The way personal loan is utilised may have a crucial impact on your score. When correctly used, a personal loan can considerably ameliorate your score. However, the opposite is even true. A poorly managed personal loan may cause a massive fall in your score. Here are different ways of boosting your score by using a personal loan –

Timely repayment

Debt payment on time is an indication of great credit behaviour. This shows financial responsibility and as an outcome enhances your credit score.

Debloating utilization ratio of credit

If you continually borrow to the highest credit limit possible, your credit score might suffer over a long term. Opting for an online loan can relieve a few of the strain on your card limit, enhancing your chances for more loan and credit score too.

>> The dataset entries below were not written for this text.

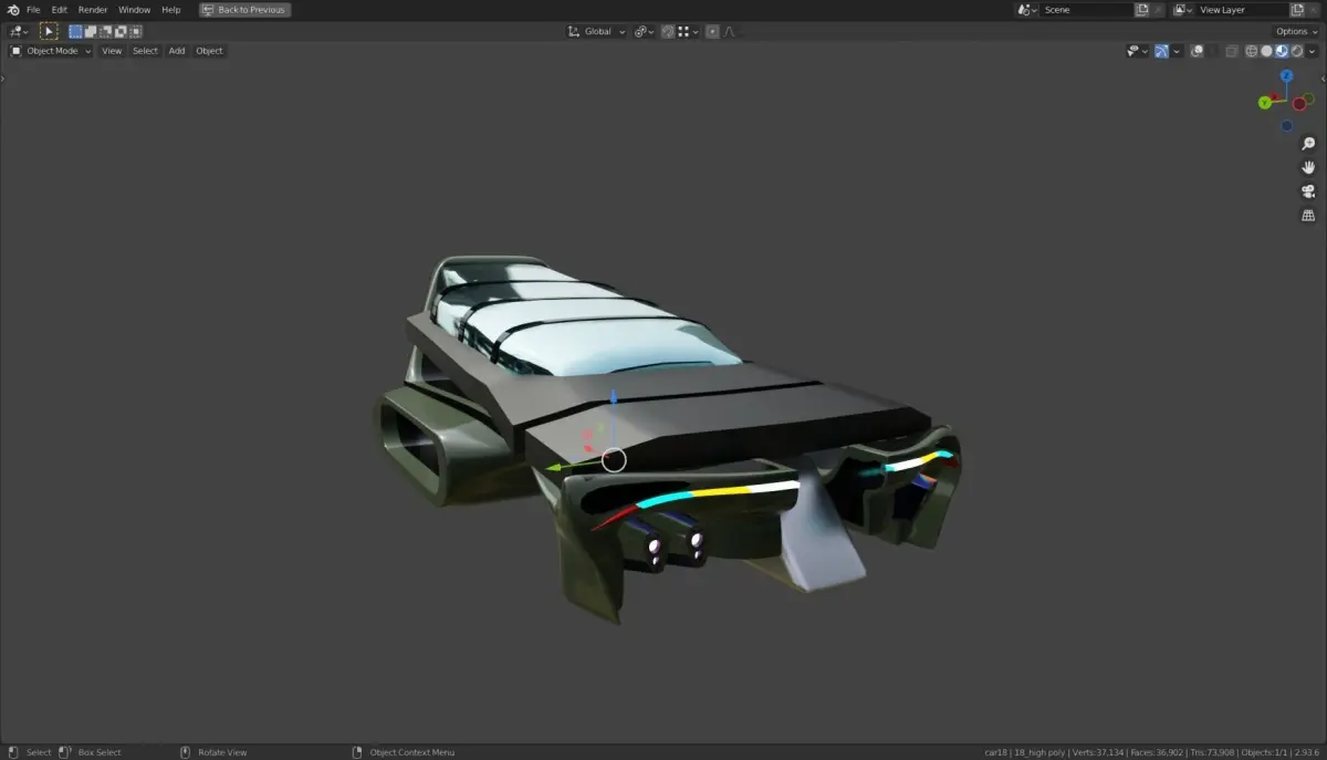 Info:Simplistic and stylized flying car concept. Model is not realistic but can be used as a background for concept art. Easy to use for a game engine with materials applied, no textures needed.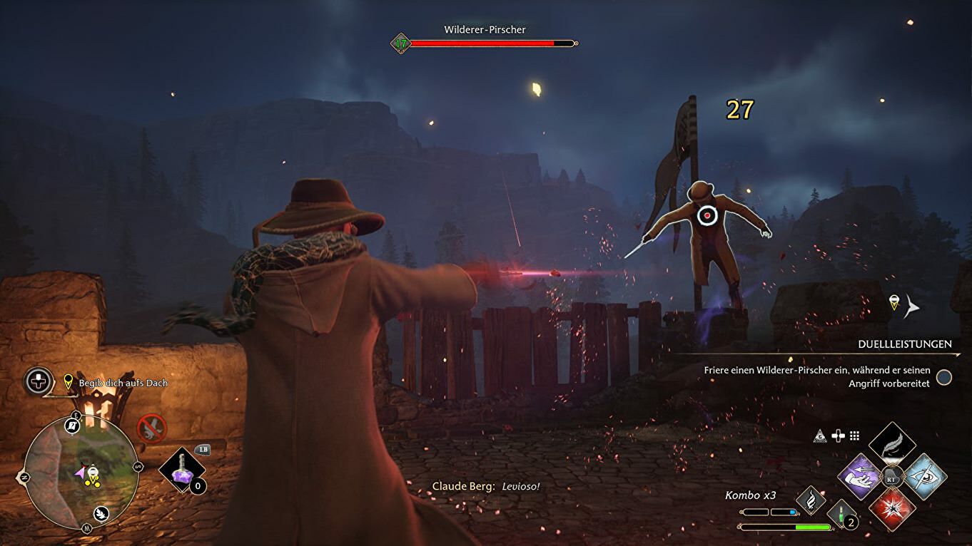 Breek het slot met Alohomora, grijp alle items in de kamers erachter en klim verder naar het dak rechts. Een paar Poacher Rangers vallen je aan. Schakel ze uit.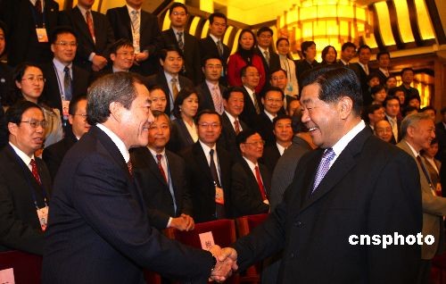 10月29日,中國全國政協(xié)主席賈慶林在北京釣魚臺國賓館會見第五屆世界華人論壇代表。中新社發(fā) 廖文靜 攝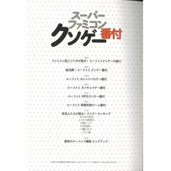【商品基本情報】 商品名称:スーパーファミコンクソゲー番付 著者/出版社:ファミコン芸人フジタ/ファミコン芸人フジタ 初版発行日:2017/06/25 サイズ:A5判 ページ数:127 ISBN/JAN:9784865117097/4528189534834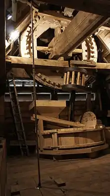The Moulin de Valmy is an open trestle post mill. It has four Common sails carried on a wooden windshaft. There are two pairs of millstones, arranged head and tail. The trestle is unusual in having three crosstrees (instead of the usual two) and thus six pairs of doubled quarterbars.[3]

Consolidating your prevailing debts

In case you are juggling with several credit options and distinct rates simultaneously, you can combine all of them in just one loan i.e., personal loan. Your monthly interest constituent outgo is lowered if your loan has a lower rate of interest than average of your existing interest rates. Lower the interest stress or burden, the easier it is for you to make your repayments, which assist your score over the long term.

Higher credit history

Having a lengthy credit history shows that you are a credit discipline and responsible individual. This assists to ameliorate your credit score and profile. You will hold zero credit history in case you never have borrowed earlier. Opting for a personal loan is a good way of beginning to form your credit history.

What are the credit behaviours that lower your credit score?

Piling of debt

Personal loan can be used to consolidate your existing debt, as mentioned earlier. However, in case you are someone with trouble staying financially disciplined while making debt repayment, then it may be considered a risky behaviour and can damage your score.

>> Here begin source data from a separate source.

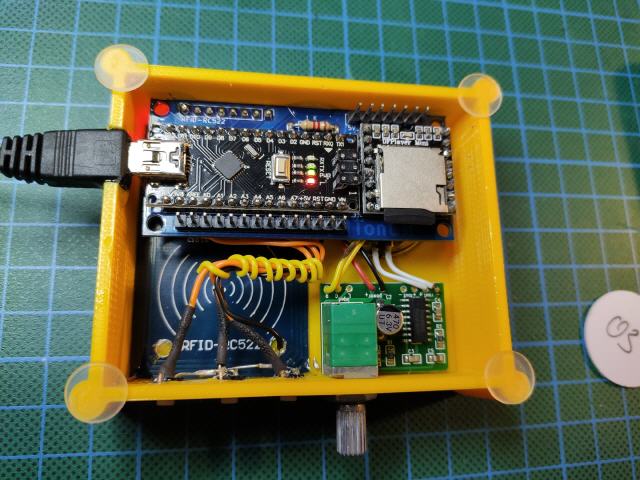Herzstück ist ein Arduino Nano & MP3-Modul (mit SD-Karte), dazu RFID Lesemodul und RFID-Tags und ein kleinen Verstärker & Lautsprecher, das Ganze in ein selbst konstruiertes und 3D gedrucktes Gehäuse gebaut - dann noch RFID-Tags unter kleine Figuren geklebt, relevante MP3-Samples auf der SD-Karte verknüpft, fertig ist mein Nachbau.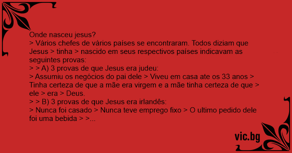 > Vários chefes de vários países se encontraram. Todos diziam que Jesus > tinha > nascido em seus respectivos países indicavam as seguintes provas: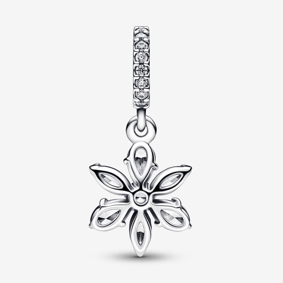 Bring the beauty of nature to your jewelry with the Sparkling Herbarium Cluster Dangle Charm. This sterling silver dangle charm features a cluster of alternating pear and marquise-shaped stones around a round center stone, forming a geometric shape inspired by petal and leaf elements. An elegant reinterpretation of the shapes we find in nature, perfect to bring a delicate, floating feel to your bracelet, necklace or earrings.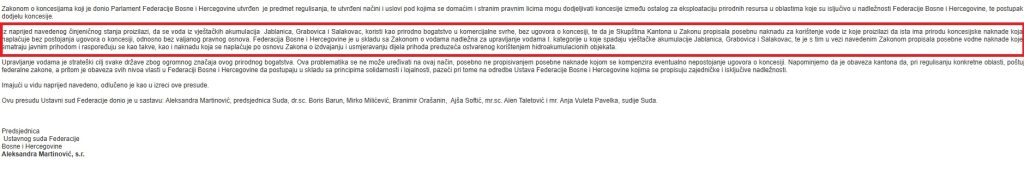 Sud naglašava da je Zakonom o koncesijama koji je donio Parlament Federacije Bosne i Hercegovine utvrđen predmet regulisanja, te načini i uslovi pod kojima se domaćim i stranim pravnim licima mogu dodjeljivati koncesije za eksploataciju prirodnih resursa u oblastima koje su isljučivo u nadležnosti Federacije.

Multiple hard inquiries on your credit report

When you place an application for personal loan, then a hard inquiry is made on your report to decide your credibility. While a single or 2-3 inquiries will not have a massive impact on your score, multiple inquiries of more than 3 can. Hence, it is advisable to do your thorough homework beforehand while you apply for the loan.

Not selecting the correct lender

Availing a personal loan with a considerably high rate, processing charges and other charges can simply add on to your financial burden or stress. In this case, missing out or being late on even a single repayment may have a negative impact on your score. Thus, selecting the correct lender is of massive importance. Thus, before you go ahead with a loan, ensure to investigate the lender’s entire range of charges, service levels, etc. to decide the best one as per your preference.